What to do: Retype each line of the data below exactly, beginning with the first and ending with the one that contains "We created a". Pictures do not belong in the copy.

Data:
*** Block opens ***
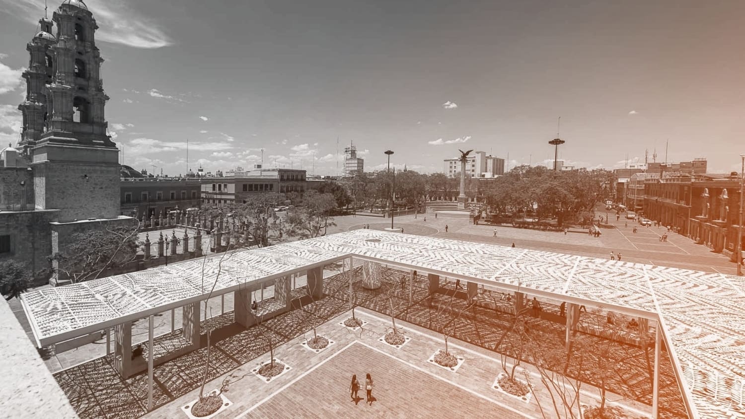 PERFORATED ALUMINUM COLUMNS ADORN THE ENTRANCE OF ARTESIA.
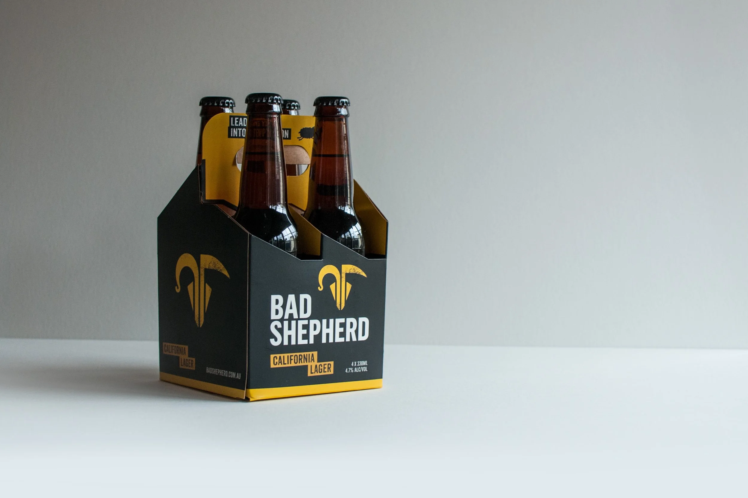 We created a brand identity inspired by their name, a logo that reflected the good and the bad. The Shepherds crook (the good) combined with a Grim Reaper scythe (the bad) come together to create a ram’s head. Beer so good, it’s has to be Bad (Shepherd).
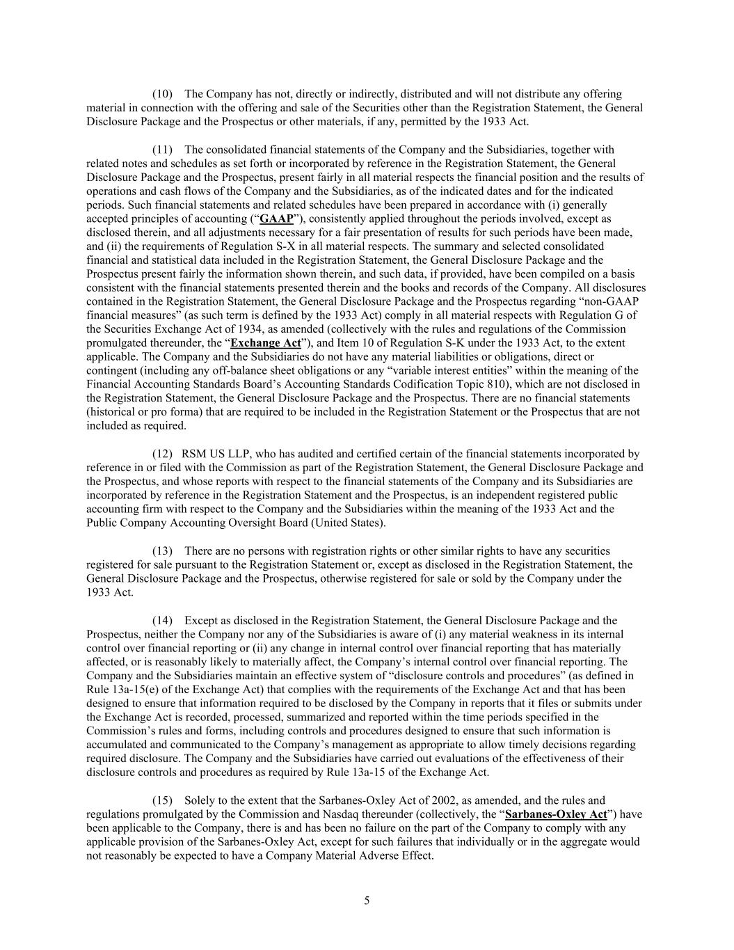 5 (10) The Company has not, directly or indirectly, distributed and will not distribute any offering material in connection with the offering and sale of the Securities other than the Registration Statement, the General Disclosure Package and the Prospectus or other materials, if any, permitted by the 1933 Act. (11) The consolidated financial statements of the Company and the Subsidiaries, together with related notes and schedules as set forth or incorporated by reference in the Registration Statement, the General Disclosure Package and the Prospectus, present fairly in all material respects the financial position and the results of operations and cash flows of the Company and the Subsidiaries, as of the indicated dates and for the indicated periods. Such financial statements and related schedules have been prepared in accordance with (i) generally accepted principles of accounting (“GAAP”), consistently applied throughout the periods involved, except as disclosed therein, and all adjustments necessary for a fair presentation of results for such periods have been made, and (ii) the requirements of Regulation S-X in all material respects. The summary and selected consolidated financial and statistical data included in the Registration Statement, the General Disclosure Package and the Prospectus present fairly the information shown therein, and such data, if provided, have been compiled on a basis consistent with the financial statements presented therein and the books and records of the Company. All disclosures contained in the Registration Statement, the General Disclosure Package and the Prospectus regarding “non-GAAP financial measures” (as such term is defined by the 1933 Act) comply in all material respects with Regulation G of the Securities Exchange Act of 1934, as amended (collectively with the rules and regulations of the Commission promulgated thereunder, the “Exchange Act”), and Item 10 of Regulation S-K under the 1933 Act, to the extent applicable. The Company and the Subsidiaries do not have any material liabilities or obligations, direct or contingent (including any off-balance sheet obligations or any “variable interest entities” within the meaning of the Financial Accounting Standards Board’s Accounting Standards Codification Topic 810), which are not disclosed in the Registration Statement, the General Disclosure Package and the Prospectus. There are no financial statements (historical or pro forma) that are required to be included in the Registration Statement or the Prospectus that are not included as required. (12) RSM US LLP, who has audited and certified certain of the financial statements incorporated by reference in or filed with the Commission as part of the Registration Statement, the General Disclosure Package and the Prospectus, and whose reports with respect to the financial statements of the Company and its Subsidiaries are incorporated by reference in the Registration Statement and the Prospectus, is an independent registered public accounting firm with respect to the Company and the Subsidiaries within the meaning of the 1933 Act and the Public Company Accounting Oversight Board (United States). (13) There are no persons with registration rights or other similar rights to have any securities registered for sale pursuant to the Registration Statement or, except as disclosed in the Registration Statement, the General Disclosure Package and the Prospectus, otherwise registered for sale or sold by the Company under the 1933 Act. (14) Except as disclosed in the Registration Statement, the General Disclosure Package and the Prospectus, neither the Company nor any of the Subsidiaries is aware of (i) any material weakness in its internal control over financial reporting or (ii) any change in internal control over financial reporting that has materially affected, or is reasonably likely to materially affect, the Company’s internal control over financial reporting. The Company and the Subsidiaries maintain an effective system of “disclosure controls and procedures” (as defined in Rule 13a-15(e) of the Exchange Act) that complies with the requirements of the Exchange Act and that has been designed to ensure that information required to be disclosed by the Company in reports that it files or submits under the Exchange Act is recorded, processed, summarized and reported within the time periods specified in the Commission’s rules and forms, including controls and procedures designed to ensure that such information is accumulated and communicated to the Company’s management as appropriate to allow timely decisions regarding required disclosure. The Company and the Subsidiaries have carried out evaluations of the effectiveness of their disclosure controls and procedures as required by Rule 13a-15 of the Exchange Act. (15) Solely to the extent that the Sarbanes-Oxley Act of 2002, as amended, and the rules and regulations promulgated by the Commission and Nasdaq thereunder (collectively, the “Sarbanes-Oxley Act”) have been applicable to the Company, there is and has been no failure on the part of the Company to comply with any applicable provision of the Sarbanes-Oxley Act, except for such failures that individually or in the aggregate would not reasonably be expected to have a Company Material Adverse Effect.
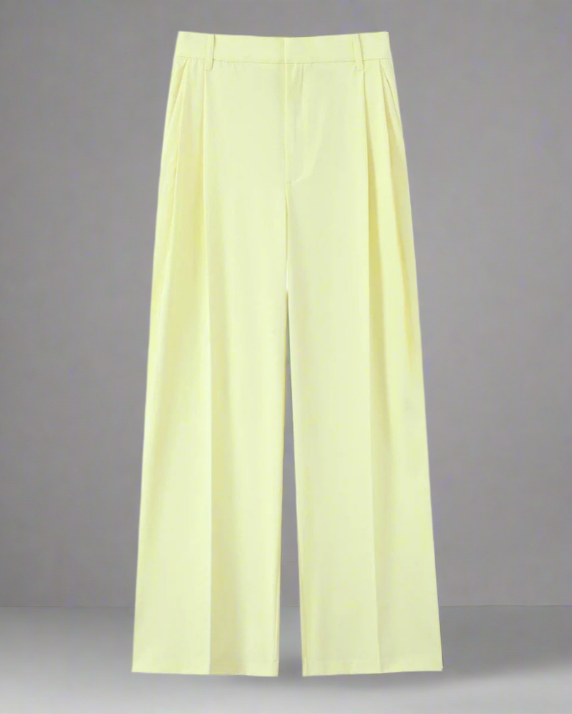 Fresh, modern, and confident: "Lemon Glow" brings color and class to your wardrobe. This two-piece set consists of a tailored vest with a deep V-neck and elegant buttons, and matching high-waisted, straight-leg trousers. The delicate pastel yellow tone gives the outfit a light, summery feel—perfect for warm days, events, or stylish street looks.
*** Block closes ***
Answer to this problem:
 PERFORATED ALUMINUM COLUMNS ADORN THE ENTRANCE OF ARTESIA.
 We created a brand identity inspired by their name, a logo that reflected the good and the bad. The Shepherds crook (the good) combined with a Grim Reaper scythe (the bad) come together to create a ram’s head. Beer so good, it’s has to be Bad (Shepherd).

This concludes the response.